By DAVID DUPONT
BG Independent News
Craig Mertler has plenty of words under his belt.
The long-time academic, who taught at Bowling Green State University, has written more than two dozen books on education. Toss in some book chapters and another two dozen scholarly articles.
And then there’s the crime suspense novels.
In November Mertler published through Kindle Direct Publishing“Jetport TNT,” his third novel featuring retired detective Luis Tanner. Set in South Florida, where Mertler lived between Ohio and his current home in Arizona, the novel is a deep dive into the dark world of tangled multiple crime networks. It all starts with investigating a dog fighting ring, and from there the web expands.
A native of Mansfield, Mertler attended BGSU in the 1980s, and then was a professor of education from 1996-2009. Now 58 and teaching at Arizona State University, Mertler turned to writing fiction about three years ago.
“I love reading fiction, and I love the kind of fiction I’m now writing,” he said. “I had this idea that I wanted to try fiction, but I didn’t know how it would go.”
Then his wife, Kate, who taught at South Main and Kenwood when they lived in BG, told him: “You’ll never know if you can do it until you sit down and try.”
So Mertler sat down and tried. The result was a short novel. “It was self-confirming that I had ability to create characters and create a plot scenery and all that stuff. Then as I went into my second and third one, I was really more successful, with more deeply developed plots and more deeply characters. … Once I tried it, I fell in love with the novel.”
He loved the creativity it allowed – so different from the academic writing he’d done. He loved creating characters, who are so alive they sometimes surprise him in what they decide to do.
He sketches out the plot before he starts. But “all of a sudden it makes sense that a character would do something different, or say something. It veers off into a different direction, and it’s a good change in direction.”
Not that his academic writing hasn’t influenced the fiction. He brings the same rigor in terms of process laying out a map
Instead of a 15-chapter textbook Mertler the academic would be working on, Mertler the crime novelist is spelling out the machinations of an international criminal gang, and his heroes’ work uncovering its devious dealings.

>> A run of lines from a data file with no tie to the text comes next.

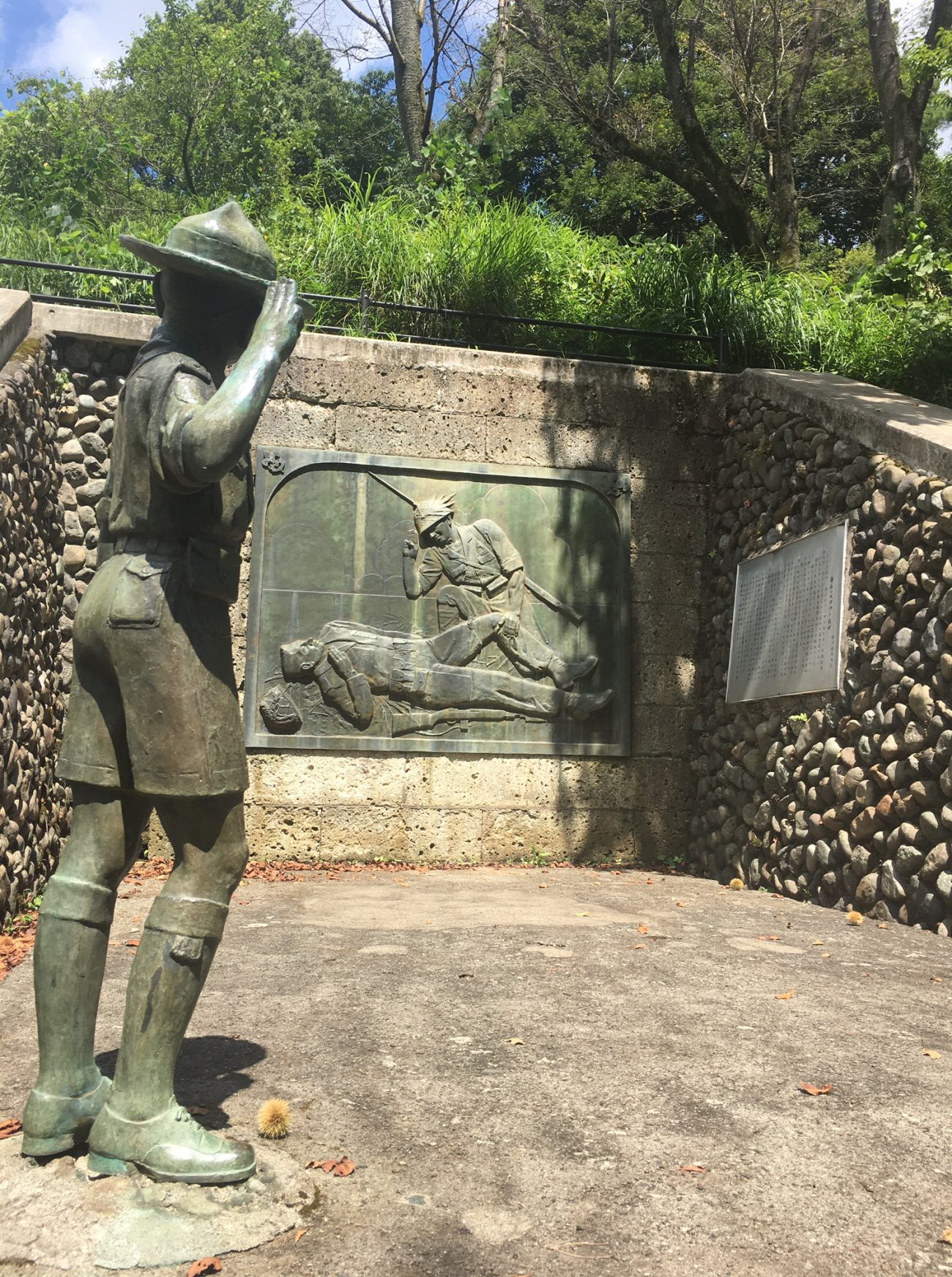 After going up several steps, the visitor will first pass a statue of a young boy in uniform presenting a three-finger Scout salute before the memorial. Directly ahead is a beautiful bas-relief (1.7 meters tall and 2.2 meters wide) designed by the famous sculptor Yokoe Yoshizumi and cast by Yamauchi Shunzō in the late 1950s. To its right is a plaque with text in Japanese only (which is unfortunate for non-Japanese readers who may visit there or otherwise be curious).
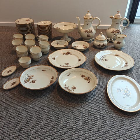 Københavns Porcellains Maleri tesæt i porcelæn med blomsterdekoration. Sættet inkluderer en kaffekande, sukkerskål, flødekande, kop og underkop. Designet er elegant med guldkant og blomstermotiver.
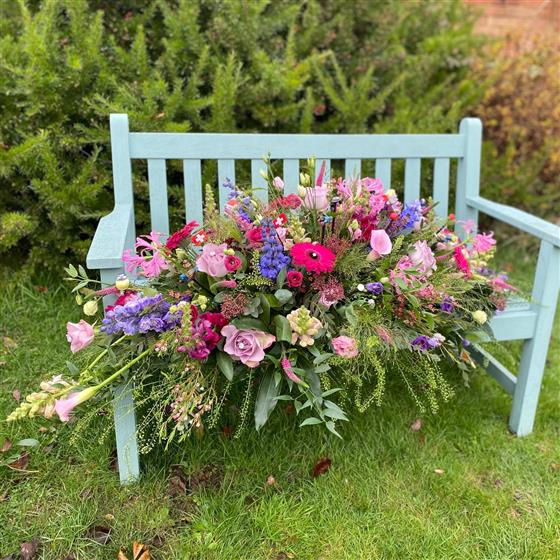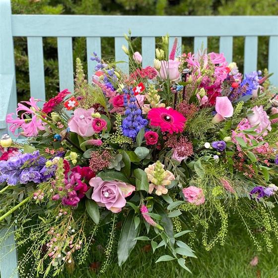 Coffin spray design using seasonal pink, lilac and purple flowers and mixed loose greenery
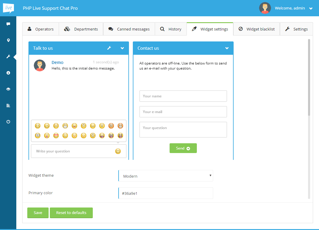 There are 3 user types in the application: admin, operators and guests. Admin is the user that can run (un)installation, change global settings, manage operators and browse chatting history, but is not allowed to chat. Operators can chat with online guests and once at least a single operator logs in, chat widget won't display the contact form no more - guest login form will be displayed. Operators are also allowed to change their profile data and browse chat history. Guests are the visitors to your website that log in through the chat widget and talk with operators.
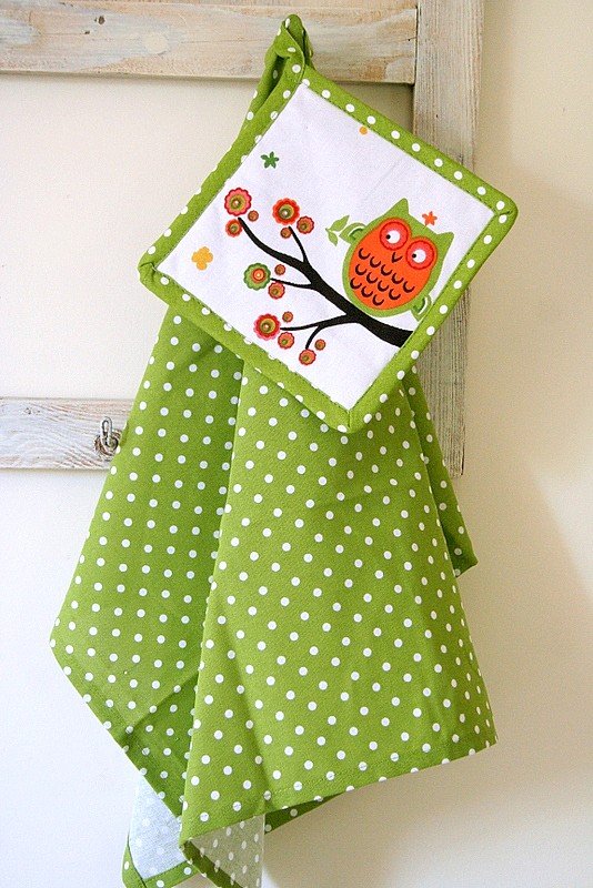 Uroczy zestaw kuchennych, bawełnianych tekstyliów...w postaci łapki / podkładki pod garnek z sympatyczną sówką oraz zielonej ściereczki w białe kropeczki.
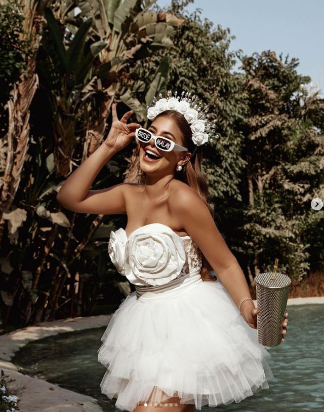 وظهرت ملك قورة بإطلالة بيضاء لافته، حيث ارتدت فستان قصير مجسم، مزين بالزهور، صمم من قماش الساتان والحرير الناعم يشبه في تصميمه فساتين الزفاف الجريئة.
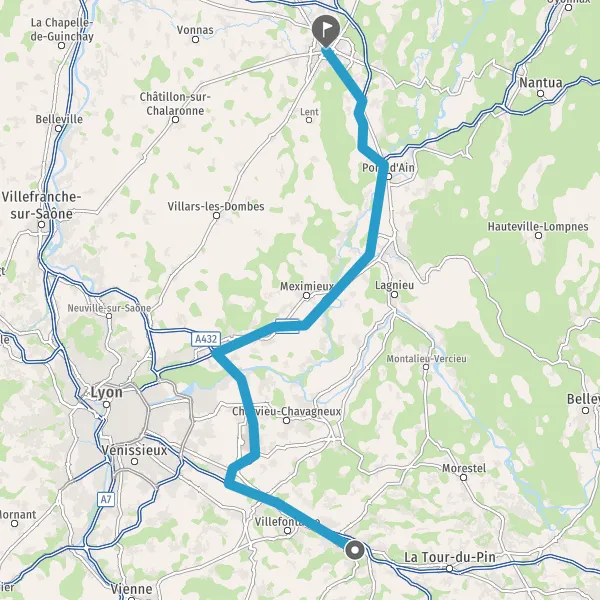 Prendre à droite et rejoindre A432. Continuer sur 21 kilomètres
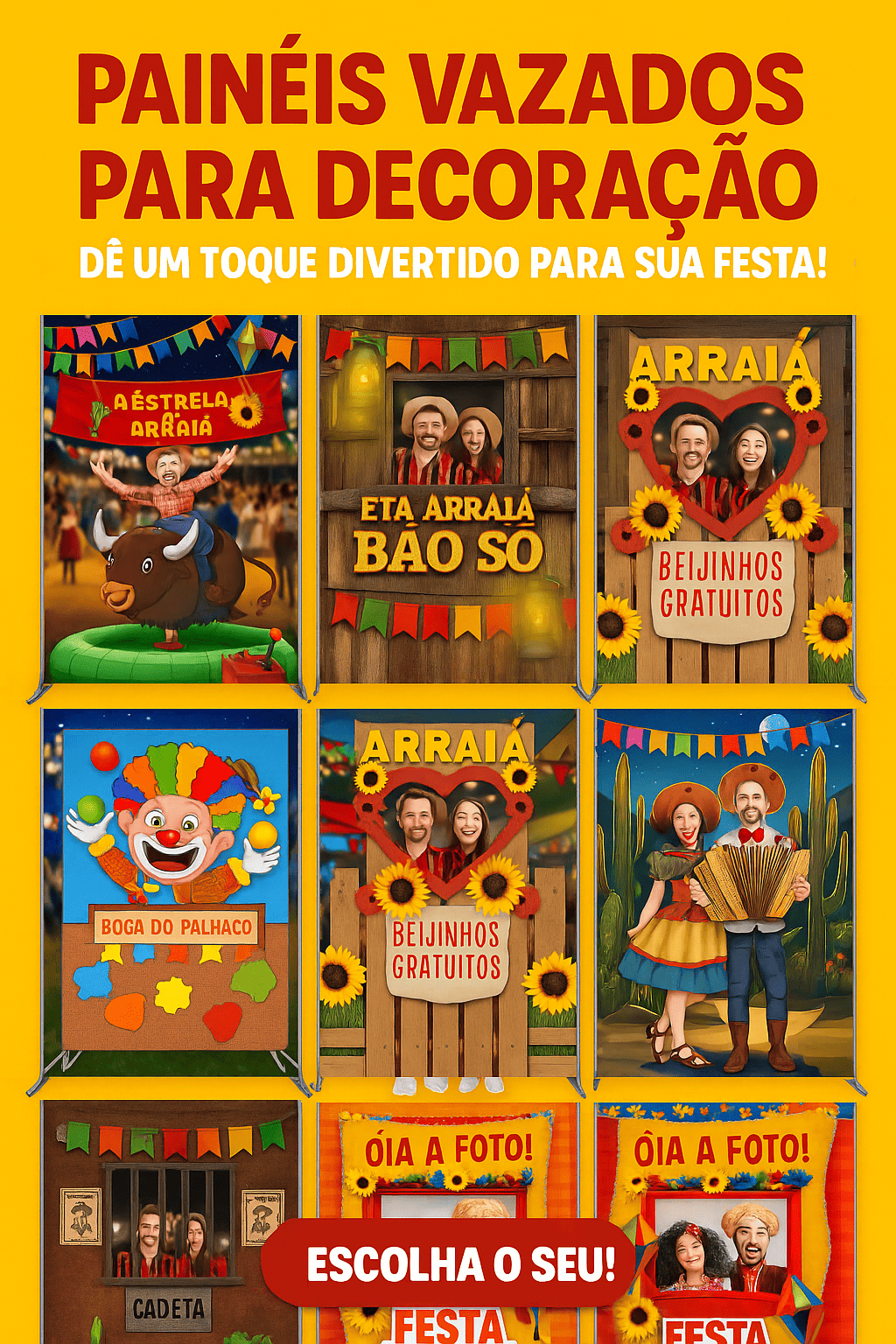 🎉 Painel Retangular Vazado Festa Junina 1,50x2,20m – 17 Modelos Incríveis! 🎉
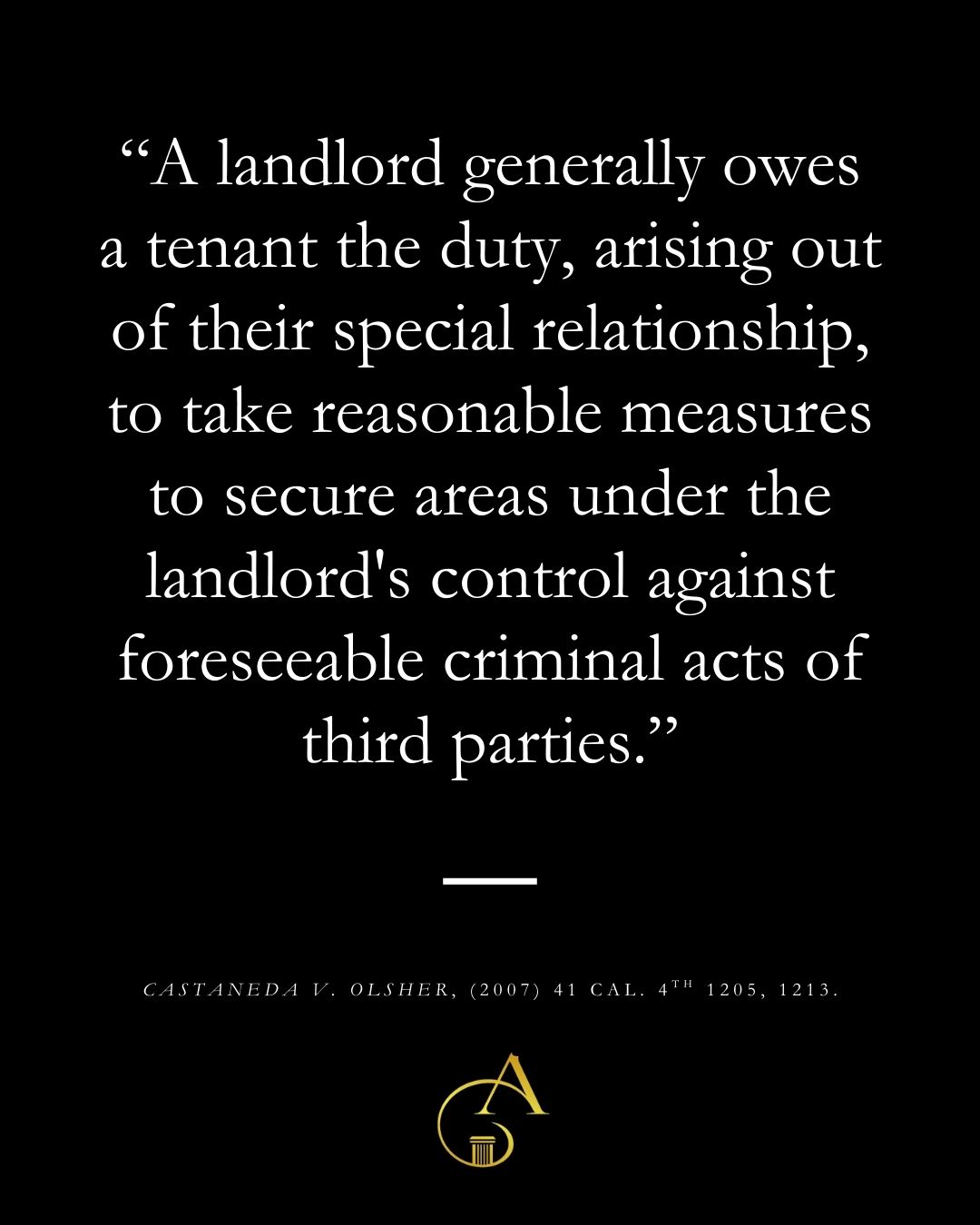 “A landlord generally owes a tenant the duty, arising out of their special relationship, to take reasonable measures to secure areas under the landlord’s control against foreseeable criminal acts of third parties.” (Castaneda v. Olsher (2007) 41 Cal.4th 1205, 1213, 63 Cal. Rptr. 3d 99, 162 P.3d 610 (Castaneda), citing Sharon P. v. Arman, Ltd. (1999) 21 Cal.4th 1181, 1189-1190, 91 Cal. Rptr. 2d 35, 989 P.2d 121 (Sharon P.) [“landlord[‘s] . . . general duty of maintenance includes ‘the duty to take reasonable steps to secure common areas against foreseeable criminal acts of third parties that are likely to occur in the absence of such precautionary measures,'” italics omitted] & Ann M. v. Pacific Plaza Shopping Center (1993) 6 Cal.4th 666, 674, 25 Cal. Rptr. 2d 137, 863 P.2d 207 (Ann M.) [same].) But “even when a special relationship gives rise to an affirmative duty to protect, a court must still consider whether the [foreseeability and] policy [factors] set out in Rowland [v. Christian (1968) 69 Cal.2d 108, 112-113, 70 Cal. Rptr. 97, 443 P.2d 561 (Rowland)] warrant a departure from that duty.
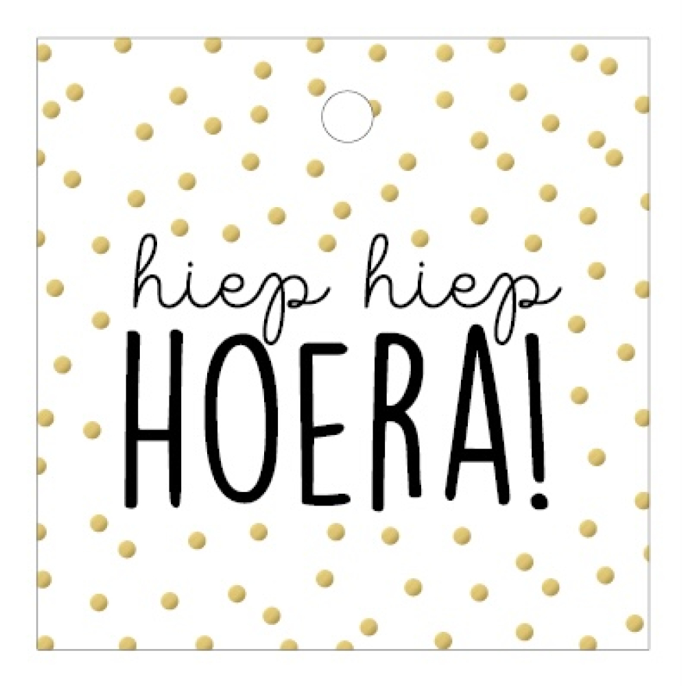 Kadolabel | Hiep hiep hoera | gouden stipjes

In “Jetport TNT” that starts with Brenda Walker, chief of the two-person Everglades City Police Department, fuming that there’s dogfighting going on in one of remote islands in the Ten Thousand Islands area.
She decides to bring in a former colleague and old flame Luis Tanner to help, and he proceeds to uncover more than she had expected.
The novel is rich in local detail. In his author’s disclaimer at the beginning of the book, he makes a point of stating that while the book is a work of fiction, the locale and many places and businesses mentioned exist. “The people are not real but the settings are real,” he said. “It was easier for me to put those characters in those settings and weave things in out.”
He wants people who know the area to spot places they’re familiar with. It makes it easier for readers to relate to the action.
That grows from his fascination with the place – his earlier two novels were set South Florida locales as well.
“As a reader I find police work intriguing,” he said. As policing has become “more high tech and much more scientific, it intrigues me all the more.”
He’s also fascinated by the other side. “I never write about crime as a good thing, but there’s aspects that intrigue me so much.”
Mertler feels his work is getting stronger. “One of things I learned just from feedback is I’m doing a much better job with dialogue and leaving a lot of the storytelling to dialogue instead of having big long narrative paragraphs.”
Letting his characters tell the story makes them more interesting. Also, “As a reader you’re finding out finding out what’s happening at the same time the characters are.”
His toughest critic, he said, is his wife. She participated in the editing at various stages on the three projects, which also include “The Last Page” and “Tequesta University.” All are available on Amazon as are some of his academic works.
Kate Mertler is an avid consumer of fiction. She read “Jetport TNT” as her husband was writing it and had some important suggestions on different directions the plot could take.
“She’s the first one to tell you my work has become so much better.”
Mertler said that an audio version of the book with a professional voice-over actor will be out mid-winter. “To hear someone else reading my words that’s very exciting for me.”
He knows he’ll continue to create new adventures for Luis Tanner.
“I’ve really grown to like him help, especially in this novel.”
For now, he’s taking his usual hiatus between projects. He plans to take a few months off until “I get the itch come up with ideas about where to go next.”